[[ Records for this exercise open ]]

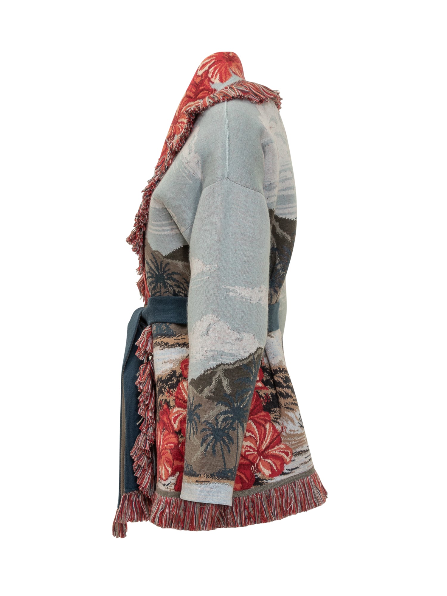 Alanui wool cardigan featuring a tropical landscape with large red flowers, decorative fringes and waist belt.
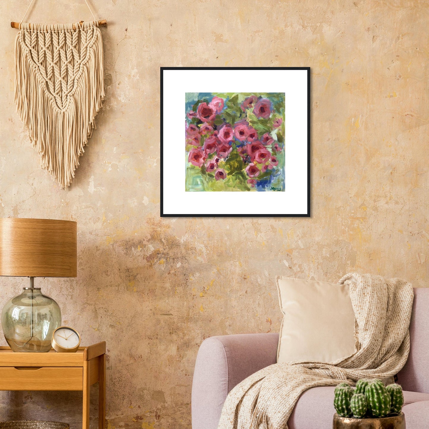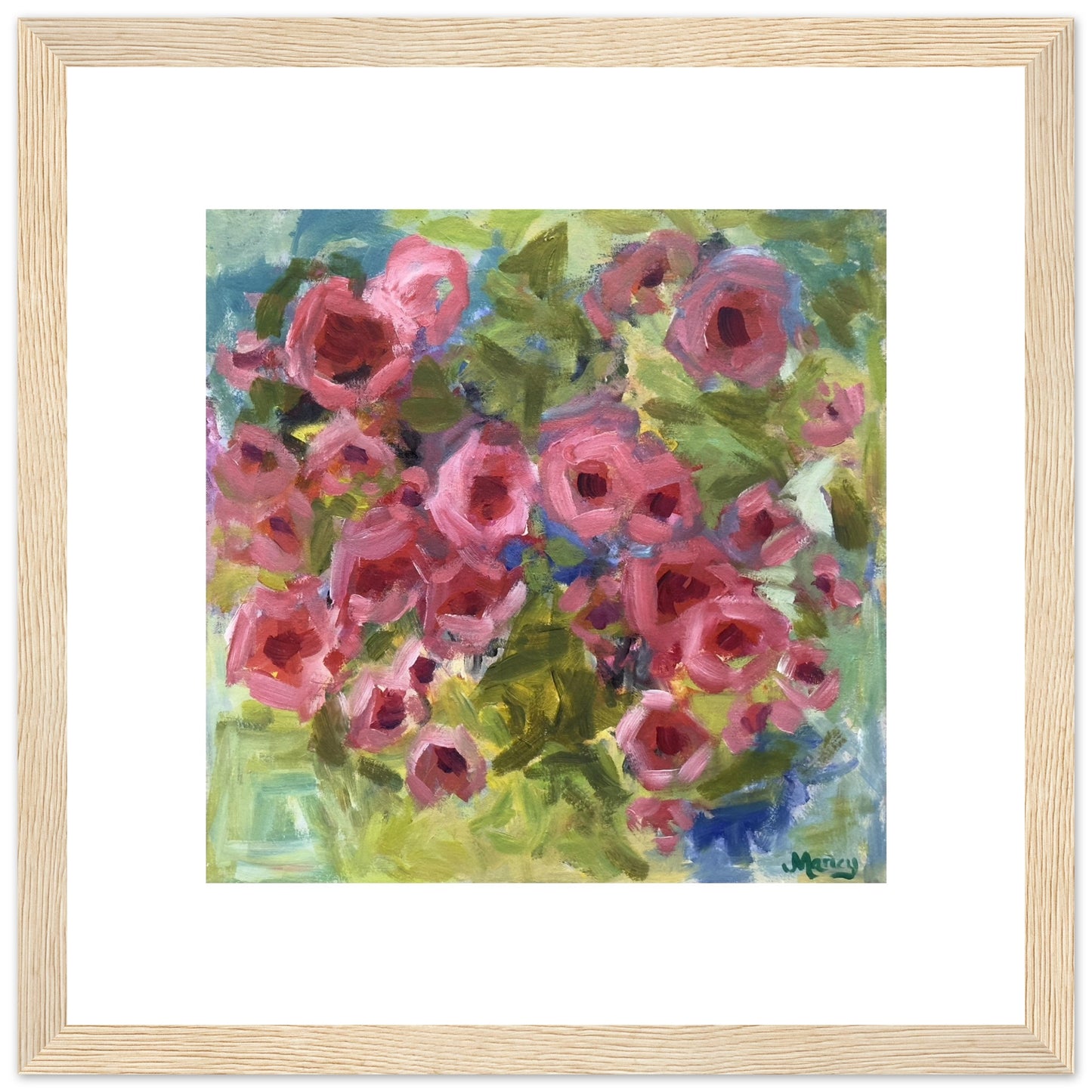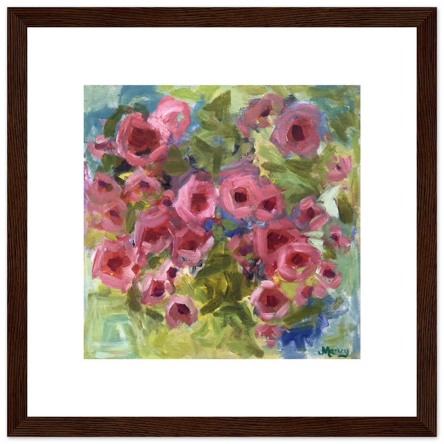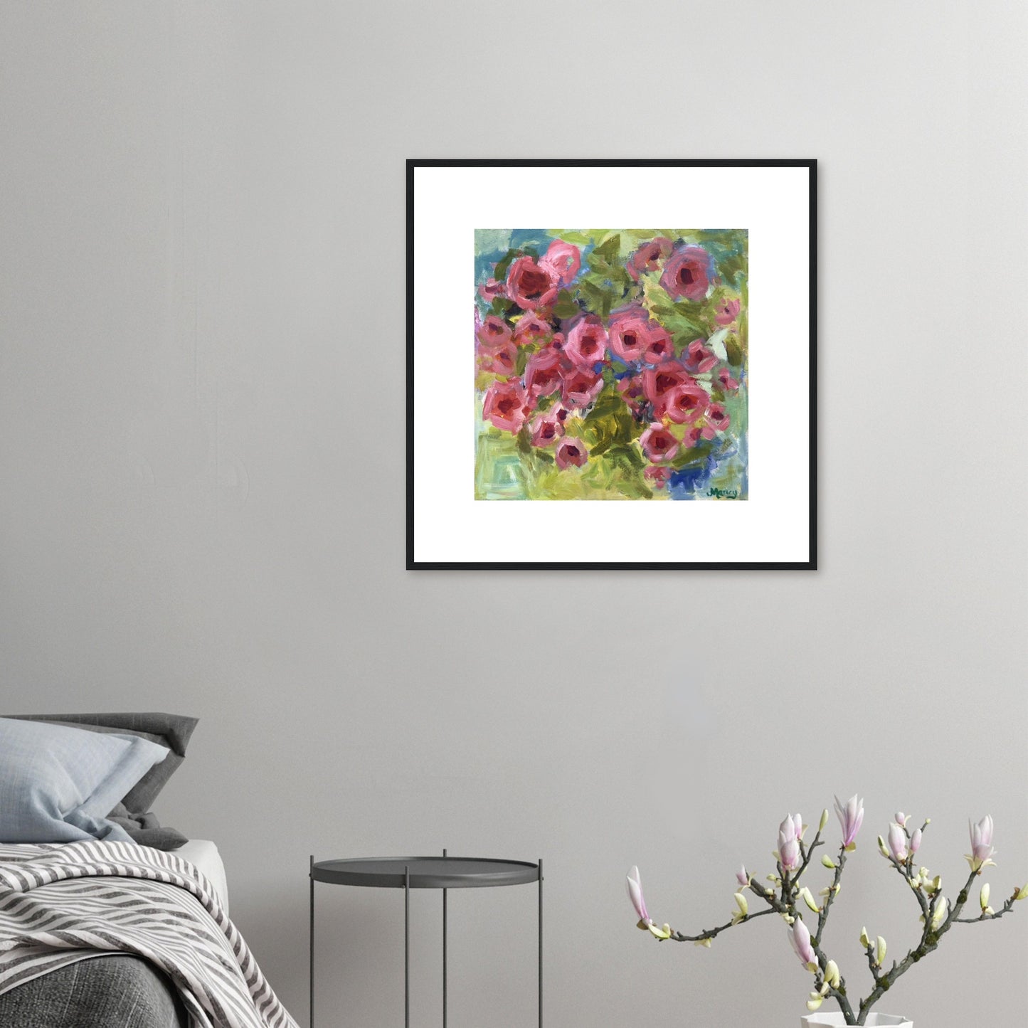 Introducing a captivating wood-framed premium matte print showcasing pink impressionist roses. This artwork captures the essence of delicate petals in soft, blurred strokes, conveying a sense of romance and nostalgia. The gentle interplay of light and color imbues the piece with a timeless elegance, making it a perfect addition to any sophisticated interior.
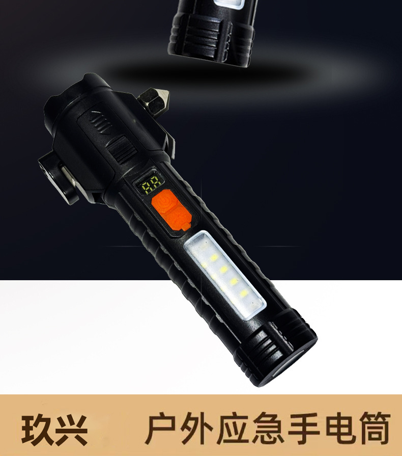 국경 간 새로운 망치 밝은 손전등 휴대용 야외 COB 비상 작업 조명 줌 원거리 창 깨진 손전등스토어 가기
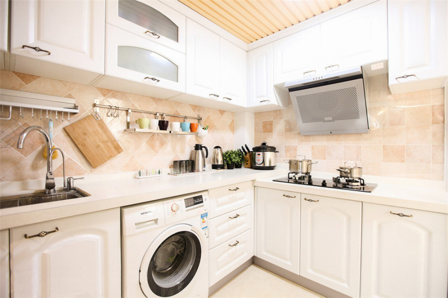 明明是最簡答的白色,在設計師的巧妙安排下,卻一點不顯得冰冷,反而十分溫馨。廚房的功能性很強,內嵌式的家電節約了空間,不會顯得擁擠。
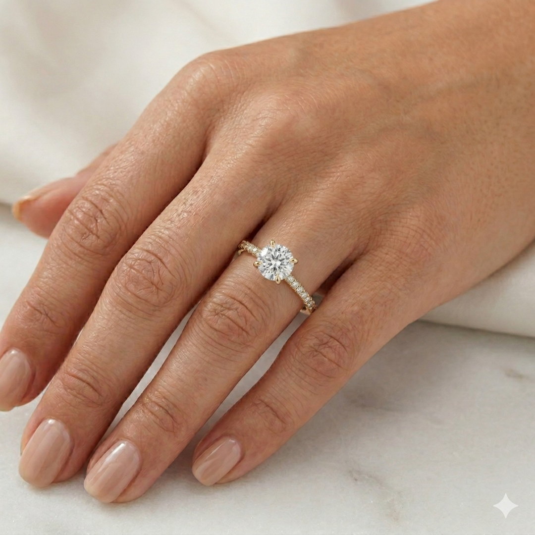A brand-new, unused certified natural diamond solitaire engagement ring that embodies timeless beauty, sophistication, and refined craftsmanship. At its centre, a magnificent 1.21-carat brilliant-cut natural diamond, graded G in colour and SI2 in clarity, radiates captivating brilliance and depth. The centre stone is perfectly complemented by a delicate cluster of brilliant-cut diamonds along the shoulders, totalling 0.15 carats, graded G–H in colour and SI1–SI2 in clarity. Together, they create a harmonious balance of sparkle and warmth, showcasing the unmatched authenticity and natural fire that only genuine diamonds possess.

[[ Records for this exercise closed ]]

Above are the records; reproduce them exactly and leave out the pictures.

> **Your solution**
 Alanui wool cardigan featuring a tropical landscape with large red flowers, decorative fringes and waist belt.
 Introducing a captivating wood-framed premium matte print showcasing pink impressionist roses. This artwork captures the essence of delicate petals in soft, blurred strokes, conveying a sense of romance and nostalgia. The gentle interplay of light and color imbues the piece with a timeless elegance, making it a perfect addition to any sophisticated interior.
 국경 간 새로운 망치 밝은 손전등 휴대용 야외 COB 비상 작업 조명 줌 원거리 창 깨진 손전등스토어 가기
 明明是最簡答的白色,在設計師的巧妙安排下,卻一點不顯得冰冷,反而十分溫馨。廚房的功能性很強,內嵌式的家電節約了空間,不會顯得擁擠。
A brand-new, unused certified natural diamond solitaire engagement ring that embodies timeless beauty, sophistication, and refined craftsmanship. At its centre, a magnificent 1.21-carat brilliant-cut natural diamond, graded G in colour and SI2 in clarity, radiates captivating brilliance and depth. The centre stone is perfectly complemented by a delicate cluster of brilliant-cut diamonds along the shoulders, totalling 0.15 carats, graded G–H in colour and SI1–SI2 in clarity. Together, they create a harmonious balance of sparkle and warmth, showcasing the unmatched authenticity and natural fire that only genuine diamonds possess.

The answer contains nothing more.